Wednesday, October 15, 2014
Zisk # 25
The Cincinnati Cycle by Shawn Abnoxious
Ten Top Ten Lists by Abby and Jesse Mendelson
On Wrigley's 100th, A Lesson in What Really Matters by R. Lincoln Harris
The Waldwick Batboy Trials by Joe Evans
John "The Hammer" Milner by Tim Hinely
Zisk Book Review Corner by Mark Hughson and Steve Reynolds
The Metsian (In)Perfection of 2014 by Mike Faloon
The Cincinnati Cycle by Shawn Abnoxious
It's July as I write this. George
Vogel, a Cincinnati Standard reporter and sports anchor for local 12 News
at Eleven announced that the Cincinnati Bengals training camp opens tomorrow.
Yeah, I know, this is Zisk, a baseball magazine, but the training camp
announcement couldn't have came at a worse time. The Cincinnati Reds are at a
season low. Everybody—well, not everybody, but actually my Dad said Votto wasn't
going to be the same after that knee-thingy and he was right.
It seems that despite a lot of players
on the disabled list, things were looking up before the all-star game. I was actually
warming up to the new manager Bryan Price, after the nasty surprise
ousting of Dusty Baker. Then, in true Cincinnati professional sports
fashion, everything fell apart.
You see, with the Bengals Training Camp
starting-up, Cincinnatians have/will call it done with the Reds season and get
'all-about' football. That will last until the Bengals fuck-up and then talk of
the Reds spring training begins and the vicious cycle begins again. The Bengals
are ditched for hopes of the Reds next season. I call this The Cincinnati
Cycle.
I know it’s harsh, but it's how this
city’s run. We Cincinnatians are fair-weather evil bastards that are ready in a
moment’s notice to throw whoever they have to under a bus or fucking
street-car. We're fickle like that. We're not in it for the long-haul.
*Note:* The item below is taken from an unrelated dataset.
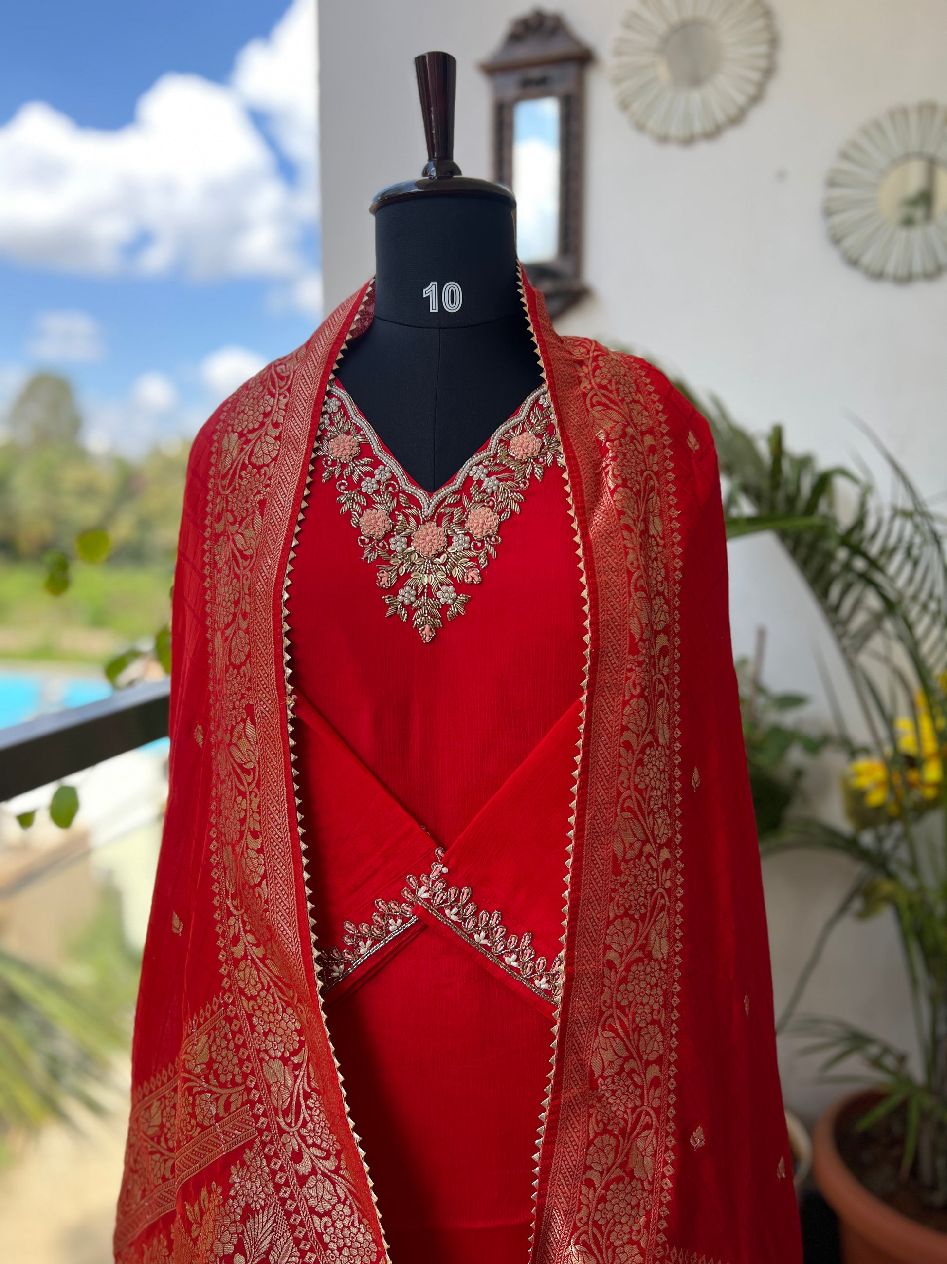 Red Chinnon Suit with Handwork & Silk Banarasi Dupatta

Cincinnati fans are eager for championships! World Series and Super Bowl
victories and all it's surrounding hoopla. We mean business.
On this fateful night of July 23, even
before anyone said anything on the news, you could see it on the Reds’ faces already!
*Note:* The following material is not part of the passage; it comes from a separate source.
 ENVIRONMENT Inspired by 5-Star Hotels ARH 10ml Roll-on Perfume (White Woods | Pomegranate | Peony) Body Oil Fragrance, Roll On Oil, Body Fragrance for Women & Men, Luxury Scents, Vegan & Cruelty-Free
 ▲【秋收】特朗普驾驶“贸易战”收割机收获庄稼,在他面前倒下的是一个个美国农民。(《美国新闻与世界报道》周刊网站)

It was over. Channel 12's George Vogel and his announcement of Bengals
Training Camp just gave the jar a lid. In an after-game interview Bryan Price
hinted at a possible turn-around after an off-day before a series at Great
American Ballpark. A turn-around would be nice. That's a nice dream to have and
hold onto. That's the sort of dream you build a wall around. Whereas there's
still definitely room for a really tremendously awesome comeback, it's not
going to happen. Trust me. Trust my
Dad.
I watched the highlights and those
Brewers, those fucking Brewers, just won the physical victory as well as the mental
victory. Price would dare not admit it but he knows. George Vogel knows. My
Dad, watching from the foothills of the Appalachian Mountains, in the back bedroom
of an add-on trailer, watching a 15" LED flatscreen knows. I know. Now you
know! Someone's got to win, and someone's got to lose. That's where the Reds enter
the equation.
I'm always going to be a Reds fan and
will never forget my decision to start watching Cincinnati Reds games so my Dad
and I would have something to talk about besides how well my car was running
and when I was going to get the oil changed. I'm glad to have made that
decision. I don't follow the Bengals the way I follow the Reds despite the
mental similarities that both teams seem to have. I suppose, that really, truth
be told, following theReds and to a verily lesser extent, the fucking Bengals, we,
the collective we, we are Cincinnati! We are Greater Cincinnati and we
have learned the valuable lesson of defeat, failure and more importantly
moving-on.
All of these lessons are hard to face
but are essential for living here and becoming proud, bitchy Cincinnatians. There's
only going to be one champion and right off the bat, no one’s chances looks
good. Everybody is a potential loser whether it's admitted or not. Welcome to Cincinnati,
we've been waiting for you.
I realize now, after all these words,
that I thought I was better than all of this. I thought I was a much bigger
fan, a more loyal fan, than to just give up so soon after the allstar break.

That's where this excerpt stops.